そしてこれは、「グリーンウォッシング」のジレンマをもたらす。グリーンウォッシングとは、製品やブランドが実際より持続可能であると消費者に誤解させる行為で、ファッション界で最も根深い問題とも言われている。
恐らくあなたも目にしたことがあるだろう。「意識の高い」「責任ある」「地球に優しい」などと名づけられたコレクションは、柔らかな照明とナチュラルカラーに包まれている。例えば、オーガニックコットンを5%しか含まない「持続可能な生地」を使ったTシャツ。あるいは、カーボンニュートラルをうたいながら、自社のカーボンオフセットが検証済みかどうかを開示しないブランド。スウェーデンのアパレル大手、ヘネス・アンド・マウリッツ(H&M)のような世界展開する企業でさえ、持続可能性に関するマーケティングが消費者の誤解を招くとして非難されている。訴訟では、持続可能な素材を50%使用していると宣伝していた商品が、実際にはポリエステル100%であったことが判明した。
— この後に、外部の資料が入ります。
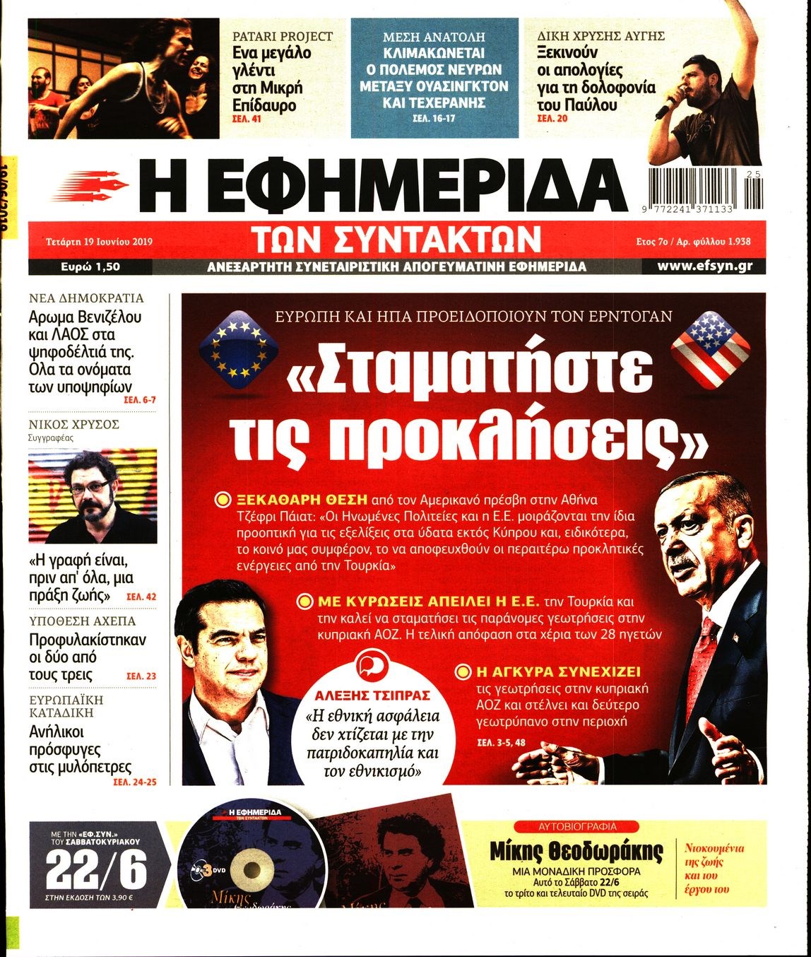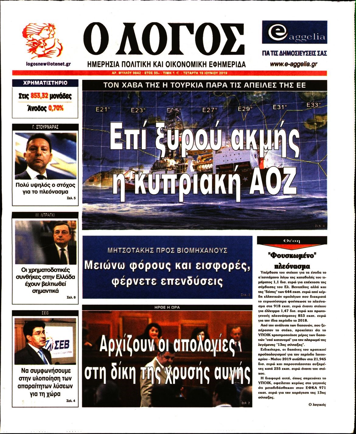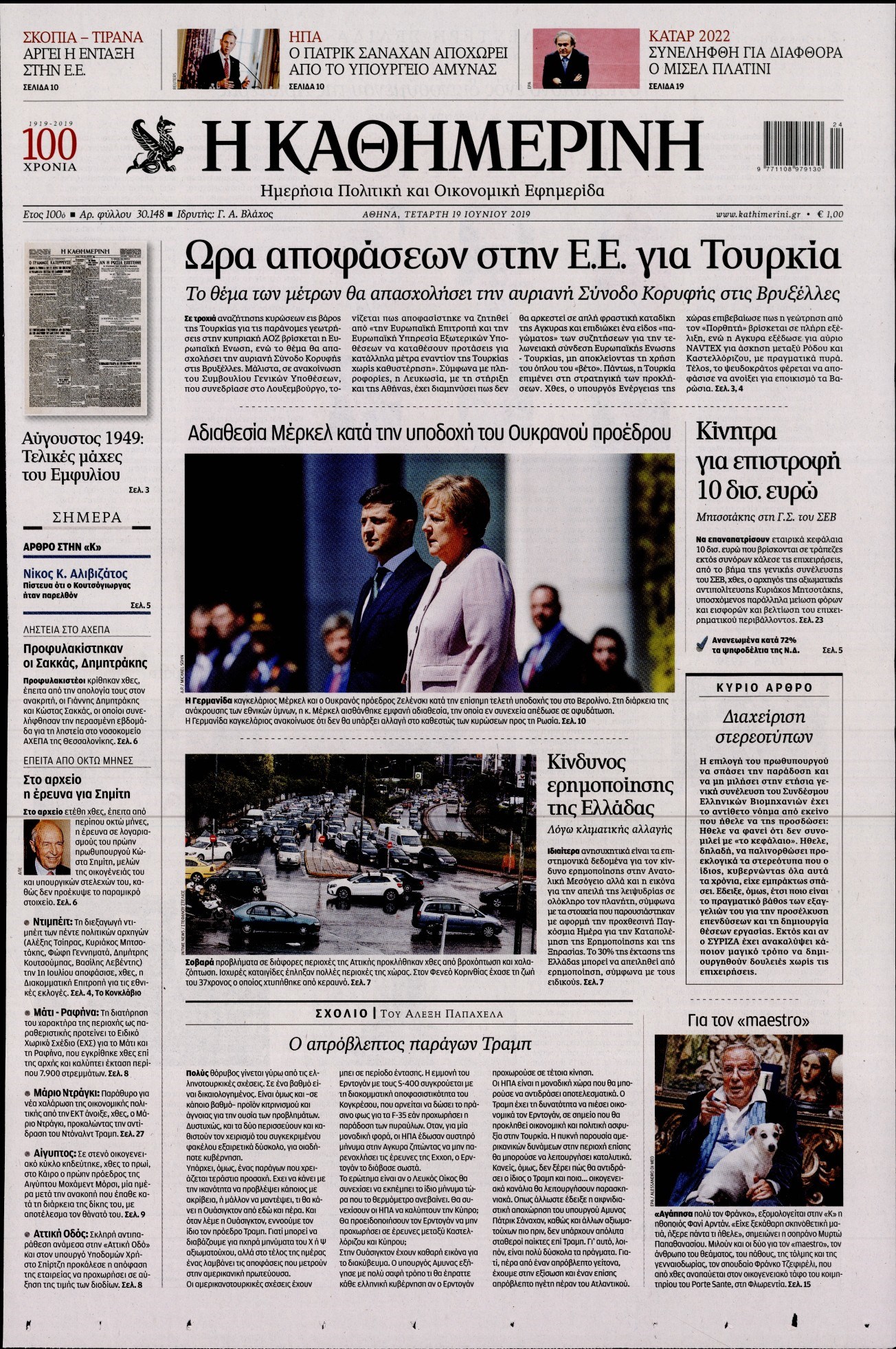 Οι πολιτικές εφημερίδες 19/6/2019 Enikos Newsroom 06:48, Τετάρτη 19 Ιουνίου 2019 Media Διαβάστε τα πρωτοσέλιδα των πολιτικών εφημερίδων: ΠΟΛΙΤΙΚΕΣ ΕΦΗΜΕΡΙΔΕΣ ΠΡΩΤΟΣΕΛΙΔΑ Μοιράσου το: σχολίασε κι εσύ (0 σχόλια) Ακολουθήστε το enikos.gr στο Google News και μάθετε πρώτοι όλες τις ειδήσεις Δείτε όλες τις τελευταίες ειδήσεις από την Ελλάδα και τον Κόσμο στο enikos.gr Ειδήσεις Ροή Ειδήσεων 5 ώρες πριν Χριστούγεννα στα μπλόκα: Επιμένουν στις κινητοποιήσεις τους οι αγρότες – Ανοίγουν τα διόδια το Σαββατοκύριακο 5 ώρες πριν Ουκρανία: Η άνευ προηγουμένου επίθεση σε ρωσικό τάνκερ στη Μεσόγειο και το μήνυμα προς στον Πούτιν – Το «μακρύ χέρι» του Κιέβου 4 ώρες πριν Πούτιν: Τα μηνύματα σε Ευρώπη και ΝΑΤΟ από το μαραθώνιο «σόου» του – Η απαίτηση για «σεβασμό» και η ειρήνη «με τους όρους» της Μόσχας 5 ώρες πριν Τραμπ: Δεν αποκλείει την πιθανότητα ενός πολέμου στη Βενεζουέλα – «Ο Μαδούρο ξέρει καλύτερα από τον καθένα τι ακριβώς θέλω» 6 ώρες πριν Συνεχίζει να προκαλεί ο Μίτσκοσκι: «Για μένα το όνομα Μακεδονία είναι ιερό» 4 ώρες πριν Ανακαλύφθηκαν αρχαία χρυσά νομίσματα 2.200 ετών που απεικονίζουν τον θεό Απόλλωνα – Η άγνωστη σύνδεση με τον Φίλιππο Β΄ της Μακεδονίας 5 ώρες πριν Ύπνος: Μια κρυφή κατάσταση του εγκεφάλου πριν από τον ύπνο μπορεί να είναι το “κλειδί” για υψηλή ευφυΐα και δημιουργικότητα 6 ώρες πριν Αριθμολογία: Οι άνθρωποι που έχουν γεννηθεί αυτές τις 4 ημερομηνίες, συχνά παρεξηγούνται – «Η καλοσύνη τους κρύβει τεράστια δύναμη» 7 ώρες πριν Ξεχάστε το καθάρισμα το Σαββατοκύριακο: Ο «κανόνας των 20 λεπτών» που θα σας λύσει τα χέρια 2 λεπτά πριν Ταμίλα Κουλίεβα: «Δεν θέλω να είμαι κάποια που πορεύεται συνεχώς με τις ίδιες αναφορές» 17 λεπτά πριν Η Ελλάδα προσχωρεί στη Διεθνή Επιτροπή Αποζημιώσεων για την Ουκρανία 32 λεπτά πριν GNTM: Η Ξένια Τσίρκοβα αναδείχθηκε μεγάλη νικήτρια και πήρε τις 50.000 ευρώ – Ποιος βρέθηκε σε απόσταση αναπνοής; 47 λεπτά πριν Θεσσαλονίκη: Εξαφανίστηκε 13χρονος από χώρο φιλοξενίας ασυνόδευτων ανηλίκων στο Ωραιόκαστρο 57 λεπτά πριν Ντόναλντ Τραμπ: «Πολύ βαριά αντίποινα» στη Συρία – «Πλήττουμε πολύ δυνατά οχυρά του Ισλαμικού Κράτους» ENIKOS NETWORK Το ΕΚΑΒ τιμήθηκε από την Ακαδημία Αθηνών για τα 40 χρόνια προσφοράς του Έχετε πραγματικά μεγάλη καρδιά; 10 χαρακτηριστικά όσων έχουν καλοσύνη Αναστολή μέτρων αναγκαστικής εκτέλεσης για κτηνοτρόφους που πλήττονται από την ευλογιά των αιγοπροβάτων Πλήρης επάρκεια προϊόντων στις λαϊκές της Αττικής, παρά τις αγροτικές κινητοποιήσεις – Τι απαντούν οι πωλητές Χαρτογραφώντας το «σημείο χωρίς επιστροφή»: Για πρώτη φορά αποκαλύπτεται με λεπτομέρεια το ακανθώδες όριο της ατμόσφαιρας τ... Η Google καταργεί τη λειτουργία «dark web report» – Πώς θα μπορούν οι χρήστες να διαγράφουν τα δεδομένα τους περισσότερα 02:50 , Σάββατο 20 Δεκεμβρίου 2025 GNTM: Η Ξένια Τσίρκοβα αναδείχθηκε μεγάλη νικήτρια και πήρε τις 50.000 ευρώ – Ποιος βρέθηκε σε απόσταση αναπνοής; Με φαντασμαγορικό τρόπο ολοκληρώθηκε το βράδυ της Παρασκευής ο μεγάλος τελικός του GNTM, μέσα ... 22:42 , Παρασκευή 19 Δεκεμβρίου 2025 Γιώργος Γιαννόπουλος για “Το σόι σου”: “Είναι ευτυχία και ευλογία αυτή η σειρά” «Είναι ευτυχία και ευλογία η συγκυρία αυτής της σειράς», θα πει ο Γιώργος Γιαννόπουλος -ο αγαπ... 20:37 , Παρασκευή 19 Δεκεμβρίου 2025 Don’t Forget The Lyrics: Η Έλλη Κοκκίνου υποδέχεται 4 παίκτες που θα κάνουν τα πάντα για να μη χάσουν ούτε… μισή λέξη από τους στίχους Το «Don’t Forget The Lyrics» επιστρέφει απόψε, Παρασκευ

ここで、ティックトックに投稿された動画が、製造過程の単なるのぞき見以上のものになる。これまでサプライチェーン関係者しか知り得なかった情報を、消費者が入手できるようになったのだ。もし消費者が製品の原産地や製造方法を、実際に作っている人から直接知ることができれば、ブランド企業はグリーンウォッシングをしにくくなるだろう。
これはブランドにとって何を意味するのだろうか?
私たちは消費者の力の新たな時代を迎えつつある。消費者はこれまで以上に情報に敏感かつ懐疑的で、動画アプリなどを通じたつながりを持っている。ブランドが発信する派手な広告や洗練された宣伝だけではもはや十分ではない。ブランド側の主張の中に問題が見つかれば、直ちに非難の的となる。
リスクは評判だけでなく、顧客との関係性にも及ぶ。ブランドは信頼の上に築かれるものであり、今日では価値が価値を高めているからだ。消費者は単に製品を買いたいだけでなく、約束が行動に反映されている企業から買いたいのだ。
賢明なブランドはこうした動きに抵抗するのではなく、むしろこれに沿って動いている。例えば、英国の靴メーカー、ビボベアフットを見てみよう。同社の年次報告書には、再生可能な事業への取り組みが説明されており、成功と失敗の両面が記されている。これは、説明責任を果たし、学びを共有するために、自社の努力を透明性のある形で公開するものだ。
ファッション業界の新たな流れは透明性
透明性は完璧性ではなく、誠実さを意味する。消費者が企業の誠実さにお金を払う傾向はますます強まっている。なぜなら持続可能性は、私たちが購入する製品の中だけに存在するものではないからだ。持続可能なファッションは、その製品がどのように、誰によって、どのような条件の下で作られるかに存在している。持続可能性は、米画像共有アプリ「インスタグラム」に添えられた説明文の中だけでなく、「より良いものを買う」ことが現実となる物語全体の中にある。